He will encourage all of us to expend our energies in trying to understand him. Like all other sex offenders, the psychephile, the skilled offender, will deny his ultimate goal. This goal is the facility to have his sexual needs met without negotiation. (98)

While we are talking his language and playing his game he will continue to win. (100)

We need to acknowledge that our clients, ourselves and the wider community have been hoodwinked into the wrong discussion. (98)

Society’s response to the domestic abuser is inadequate

The majority of Christians know that one of the sins of Sodom was rapacious homosexuality. But far fewer Christians know that the city of Sodom was condemned for other sins as well:

This was the guilt of your sister Sodom: she and her daughters had arrogance, abundant food and careless ease, but she did not help the poor and needy. (Ezekiel 16:49)

The way our societies have responded to victims of domestic abuse is a powerful example of how our communities has replicated that sin of Sodom – the failure to help the poor and needy, especially the victims of intimate partner abuse.

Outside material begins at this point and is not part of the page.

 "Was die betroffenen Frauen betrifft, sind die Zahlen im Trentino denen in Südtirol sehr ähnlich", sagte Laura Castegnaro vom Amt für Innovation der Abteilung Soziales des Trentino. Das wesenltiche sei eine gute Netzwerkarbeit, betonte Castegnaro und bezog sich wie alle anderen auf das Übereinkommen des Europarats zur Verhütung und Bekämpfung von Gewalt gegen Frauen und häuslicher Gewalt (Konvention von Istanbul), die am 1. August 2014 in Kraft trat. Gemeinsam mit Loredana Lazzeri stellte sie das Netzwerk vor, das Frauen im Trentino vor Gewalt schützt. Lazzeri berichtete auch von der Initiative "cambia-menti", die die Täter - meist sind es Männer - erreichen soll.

It was more than likely that it was an abuser who first said it was only a slap. It was the system that decided that only a slap didn’t require an intervention. The people who wanted to help the woman tried to record the slap as part of a greater problem. It was the response of the support sector to document and present the repeated nature of these slaps in order to move the system from a position of indifference to one of action.
The whole community began to debate the physical aspects of the abuser’s behaviour. The debate became one of reciprocal physical violence. The language of violence, the description of its extent, the response of the target and the minimising of its effects informed our overall response.
This response was the one that was intended by the skilled offenders. As soon as they had distracted us, as soon as they had invited us onto their pitch, they knew that by and large they could beat us at their own game. (84)

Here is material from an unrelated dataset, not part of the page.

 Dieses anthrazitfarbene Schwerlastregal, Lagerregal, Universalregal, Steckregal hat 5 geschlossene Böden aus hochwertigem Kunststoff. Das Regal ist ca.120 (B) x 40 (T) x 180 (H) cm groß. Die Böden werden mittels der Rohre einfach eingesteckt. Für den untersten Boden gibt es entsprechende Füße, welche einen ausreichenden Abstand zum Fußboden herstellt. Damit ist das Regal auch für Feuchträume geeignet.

Our judicial system has frequently excused the most abusive of behaviours because they were presented as the response to legitimate requests that were not met. (136)

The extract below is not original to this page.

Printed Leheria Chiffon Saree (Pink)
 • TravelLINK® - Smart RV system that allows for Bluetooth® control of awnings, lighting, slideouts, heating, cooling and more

Here are a few of the old mantras and ‘legitimate requests’ that are often used by men who abuse their wives to justify very abusive behaviors. Some of the mantras are particularly used by so-called Christians.

  • “A man’s home is his castle.”
  • “A man deserves his dinner on time.”
  • “A wife should keep a clean and tidy house for her husband.”
  • “A red-blooded man has the right to regular sex from his wife.”
  • “Every child needs a father.”
  • “A father has the right to see his kids.”
  • “All sinners are the same. All of us are just as guilty as an abuser.”
  •  “Clergymen know how to interpret scripture correctly; clergymen’s wives and the other folks in the pews are not so good at interpreting scripture.”
  • “The husband is priest in the home – a mediator of God to his wife and children.”
  • “The Bible says a man is to ‘possess’ his wife, so a wife has no right to say no to sex.”
  • “God hates divorce.”
  • “Marriage displays God’s covenant-keeping love to the church. If a Christian seeks divorce, they are giving a bad witness to the world because they are not ‘displaying the gospel’.”

Under the banner of family values, abusive men have lobbied governments to make laws that lead to shared parenting as the usual outcome in divorce. At the same time, abusive men have worked very hard to distract society from paying attention to how unfair it is on the children for these men to abuse the children’s mothers.

Men who specialize in abusing their intimate female partners always sabotage the mother’s attempts to protect her kids and raise them as human beings of good character. Abusive men have sometimes been successful in getting full custody of their kids after divorce by convincing the courts to deem the protective mother as mentally unstable and thus an unfit parent. Particularly in the USA, the skilled offenders have managed to get family court and allied professionals to believe the junk science concept of “Parental Alienation Syndrome” (PAS). See here and here for more info on PAS.

Abusive men have spread many myths about domestic abuse to distract society from the obvious moral truth that men who repeatedly and intentionally abuse their wives and children have forfeited their right to continue to claim their rights as husbands and fathers.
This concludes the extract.